Wednesday, 1 January 2014

1st Official Aviator Of Australia - Harry Houdini

During his Australian tour of 1910, Harry Houdini was in his 36th year and his five foot 6 inch masculine body was crowned with salt and pepper hair. To Harry, it was inconceivable that his vaudeville feats would be remembered so he repeatedly tried to find ways to etch his name into history. Aviation was rapidly developing and so it seemed to be the path. For that reason he leaped by the opportunity to become the 1st man to fly among Australia.

Houdini visited Europe prior to leaving for Australia. Whilst there he witnessed the flight of a Voisin biplane which he bought and took a few rudimentary flying lessons.
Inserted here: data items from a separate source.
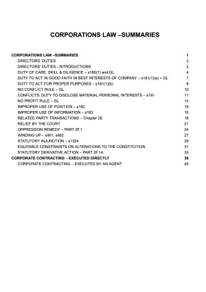CORPORATIONS LAW – SUMMARIES (contents) DIRECTORS’ DUTIES DIRECTORS’ DUTIES – INTRODUCTIONS DUTY OF CARE, SKILL & DILIGENCE – s180(1) and GL DUTY TO ACT IN GOOD FAITH IN BEST INTERESTS OF COMPANY – s181(1)(a) + GL DUTY TO ACT FOR PROPER PURPOSES – s181(1)(b) NO CONFLICT RULE – GL CONFLICTS: DUTY TO DISCLOSE MATERIAL PERSONAL INTERESTS – s191 NO PROFIT RULE – GL IMPROPER USE OF POSITION – s182 IMPROPER USE OF INFORMATION – s183 RELATED PARTY TRANSACTIONS – Chapter 2E RELIEF BY THE COURT OPPRESSION REMEDY – PART WINDING UP – s461, s462 STATUTORY INJUNCTION – s1324 EQUITABLE CONSTRAINTS ON ALTERATIONS TO THE CONSTITUTION STATUTORY DERIVATIVE ACTION – PART CORPORATE CONTRACTING – EXECUTED DIRECTLY CORPORATE CONTRACTING – EXECUTED BY AN AGENT
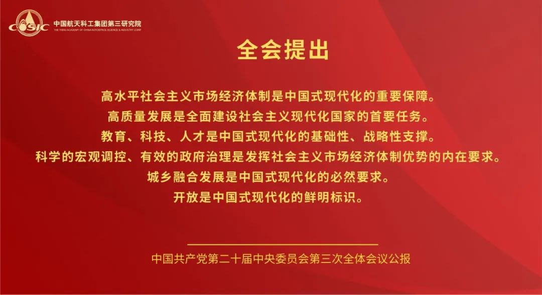 黨的二十屆三中全會(huì),是在以中國式現(xiàn)代化全面推進(jìn)強(qiáng)國建設(shè)、民族復(fù)興偉業(yè)的關(guān)鍵時(shí)期召開的一次十分重要的會(huì)議。航天三院黨委將學(xué)習(xí)好宣傳好貫徹好黨的二十屆三中全會(huì)精神作為當(dāng)前和今后一個(gè)時(shí)期的一項(xiàng)重大政治任務(wù),高度重視,迅速行動(dòng),引導(dǎo)三院全體黨員干部職工把思想和行動(dòng)統(tǒng)一到全會(huì)精神上來,把智慧和力量凝聚到落實(shí)全會(huì)精神和部署上來,聚焦主責(zé)主業(yè),履行強(qiáng)軍首責(zé),持續(xù)推動(dòng)飛航事業(yè)高質(zhì)量發(fā)展。
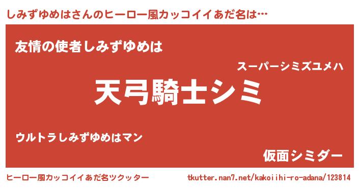 | ポケモン風あだ名 | 『ヒシミズユメハ』『シックウザ』 |

Then he packed it into a crate and put it aboard to Adelaide.

The choice of a Voisin was strange considering Houdini’s overt patriotism. The escapologist had changed his birth details so he could  be American and he was arrogant of this acquired nationality. It would have plausible accordingly for him to advocate the American Wright Brothers by purchasing a airplane of their design However, the Voisin had some advantages.
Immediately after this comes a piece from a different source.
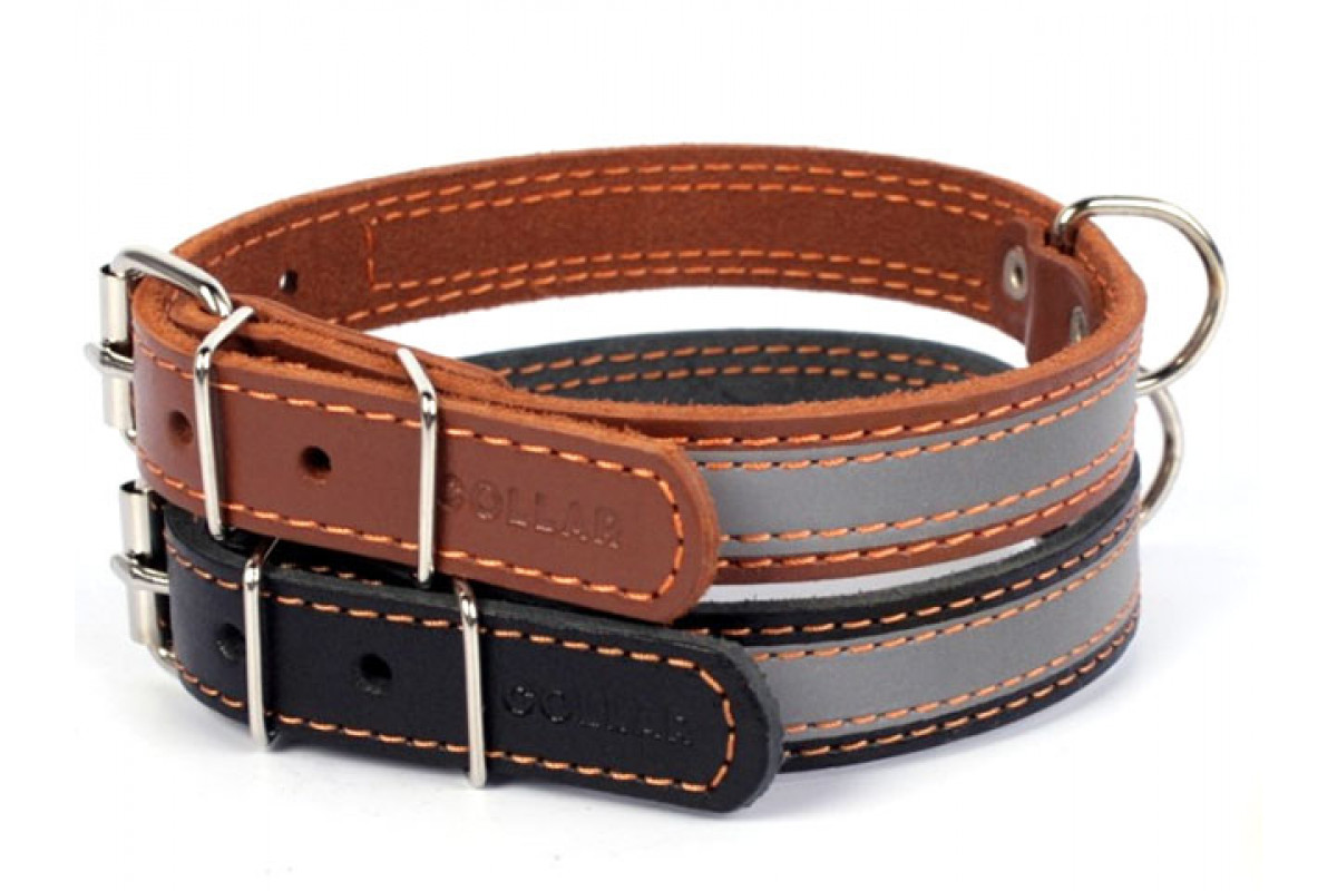 ошейник "Collar" со светоотражающей лентой, 35мм* 48-63см, 0298, черный, коричневый, (43076)
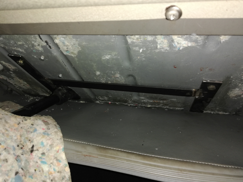 La cornière de gauche quand elle est fixée sur les vis du système de guidage du levier de vitesse est plus à droite que ce que tu montres sur ta voiture (plus proche du levier). De ce fait, la cornière de droite doit tomber à coté d'une nervure, ou bien le tablier de ta voiture n'est pas le même que sur celles de 1966, comme dit plus haut.

Firstly it was cheaper than the Wright Brothers prototype and secondly, piloting the Voisin was easier. The Voisin represented a European view of flight, where the airplane was seen as a kind of flying automobile However, to the Wright brothers, the pilot was an integral part of the flying machine. A Wright Brothers pilot needed a lot of training, whilst the Voisin pilot relied mainly on courage daring and adventurousness. Houdini had these qualities in abundance.

Yet there was an major disadvantage to the Voisin, It did not have a control reel and therefore was susceptible to gusts of wind. After crashing once, Houdini made his first successful flight on November 26 in Hamburg, Germany.


He hired the plane’s mechanic from Pairs, Monsieur Antonio Brassac and their antics amused the Australian reporters.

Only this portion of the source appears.